How Sharpening Food Safety Practices with IoT Technology can Reduce Foodborne Illness

By John Colbert

How Sharpening Food Safety Practices with IoT Technology can Reduce Foodborne Illness

The method of using traditional manual oversight to enforce food safety policies is destined for the history books. Restaurant corporations, owners, franchisees, and general managers have long been enforcing food safety policies through the internal leadership structure. That approach is challenged, however, by high employee turnover rates, ineffective line-level supervisors, dry-labbing (employees plugging in fake results), rush times, and willful disobedience (employees that only comply if directly supervised). By implementing new technology, some restaurant leaders are taking the bull by the horns to keep a better eye on their food safety practices.

Advancements in Internet of Things (IoT) technology have become available that substantially improve food safety oversight, ultimately resulting in higher levels of compliance with more accurate and reliable results. The enhancement occurs because technology can watch over things that would be impossible to supervise otherwise. The technology essentially puts in place full-time and after-hours supervision over key food safety control points. To further exemplify this point, key case study findings are discussed in the areas of hygiene, dry-labbing, mistakes, and equipment failures.

In the first example, Digital Six Laboratories (D6 Labs) installed IoT technology in a well-known restaurant where management was sure that employees were already in good compliance with their internal handwashing policies. On the first full day of use after implementation, it was revealed that the hand soap dispensers were used collectively only four times across three hand soap dispensers, despite the daily tracking system being properly completed by all employees and line supervisors. By 1 p.m. the next day, only two soap uses were detected; thus, senior management informed line-supervisors and staff that handwashing was being tracked. By the end of that day, the hand soap usage grew to 111 uses. The average run rate is now about 270 uses per day.

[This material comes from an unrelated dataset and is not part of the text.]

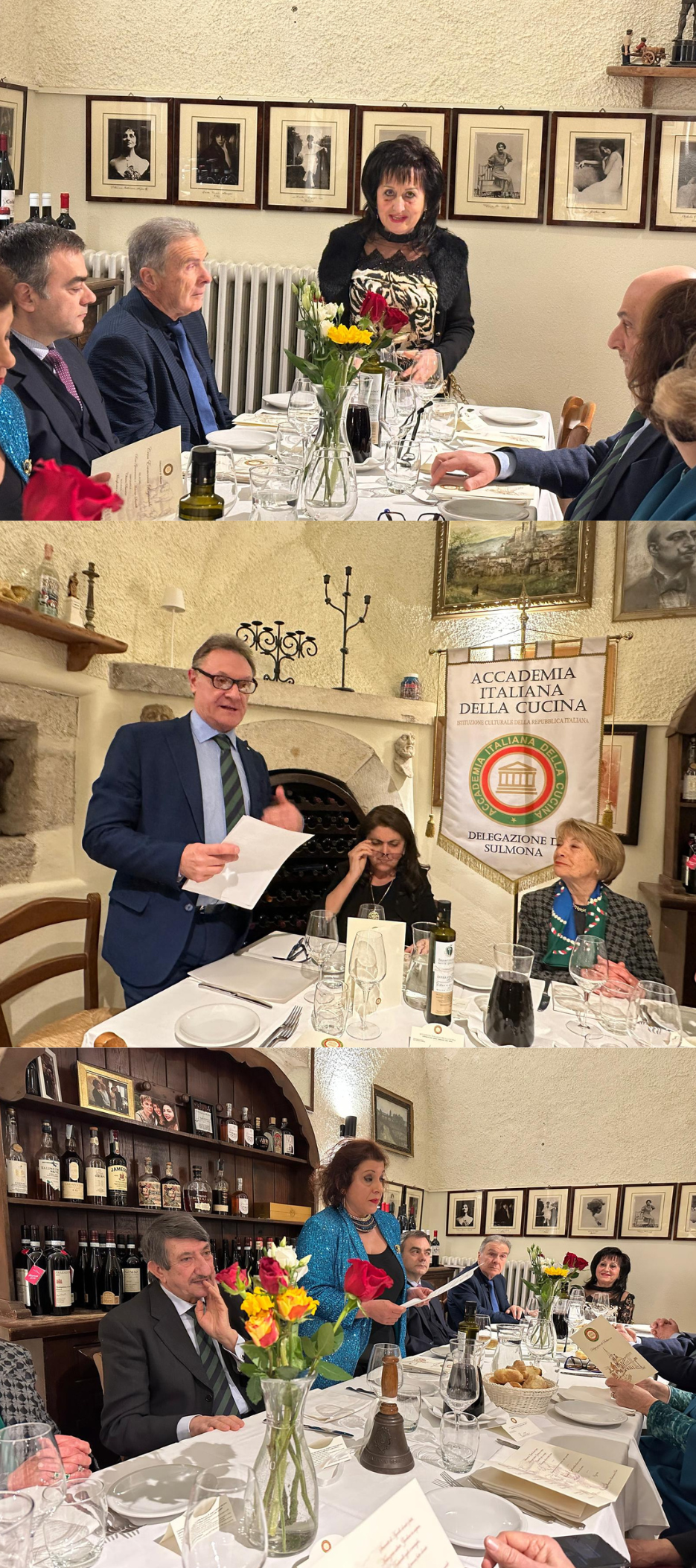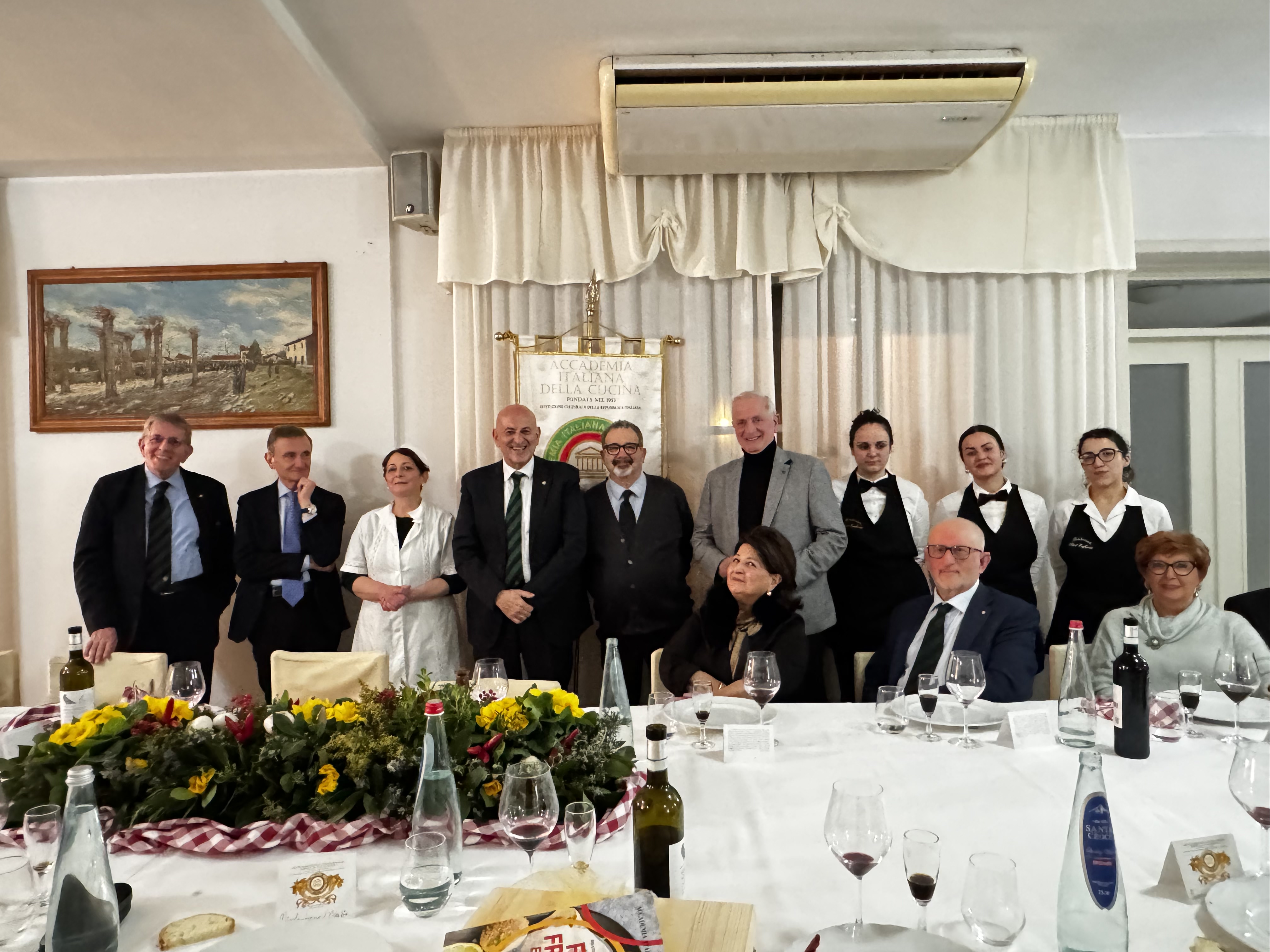 La prima riunione conviviale dell’anno si è svolta in un accogliente e raffinato ristorante che occupa gli ambienti di un antico mulino, accuratamente ristrutturato e ben arredato, a conduzione familiare. Dopo i saluti, la Delegata Rosetta Cartella ha commemorato con un minuto di raccoglimento e un ringraziamento per la lunga ed encomiabile attività, l’Accademico Archimede Corbo, socio fondatore della Delegazione, recentemente scomparso. Un momento toccante è stato il ricordo della prof.ssa Gabriella Portalone, come uomo, come medico, appassionato di cucina e di cultura gastronomica. Anche gli Accademici Umberto Bartoccelli e Salvatore Lauricella lo hanno ricordato con riflessioni profonde e commoventi. Subito dopo la nutrizionista Erika Di Lucia ha relazionato e illustrato il menu proposto, gradito da tutti i presenti. Ogni piatto curato nei particolari, dalla scelta dei prodotti alla presentazione a tavola. Simposiarca l’Accademica Rita Mazzarino.

According to the U.S. Centers for Disease Control and Prevention, handwashing is a critical component in preventing the spread of certain pathogens such as Salmonella or Cyclospora.[1] By using the FoodSafe.io™ technology, hand soap usage for this restaurant improved from roughly 10 uses per day (about five washes) to a confirmed rate of over 250 uses per day (about 125 washes), a dramatic improvement in food safety for that restaurant.

While handwashing is clearly a Critical Control Point for food safety, most restaurant managers would probably agree that cold storage and cooking temperatures are most vital to ensuring safe food. According to the U.S. Department of Agriculture Food Safety and Inspection Service, the “Danger Zone” for bacteria is between 40 °F and 140 °F, wherein bacteria, such as Escherichia coli, Salmonella, and Staphylococcus aureus, can double in just 20 minutes.[2] Stored food should be kept at temperatures below 40 °F and cooked food, after being cooked to a safe temperature, should be kept at temperatures above 140 °F until served.[2] The difficulty is manually keeping track of cold storage, cooked food, and food warmer temperatures. Management needs to know that freezers and refrigerators are working properly, that employees are properly testing cooked food, and that food warmers are doing their jobs effectively, which is a lot to account for while trying to get high-quality food delivered in a timely fashion.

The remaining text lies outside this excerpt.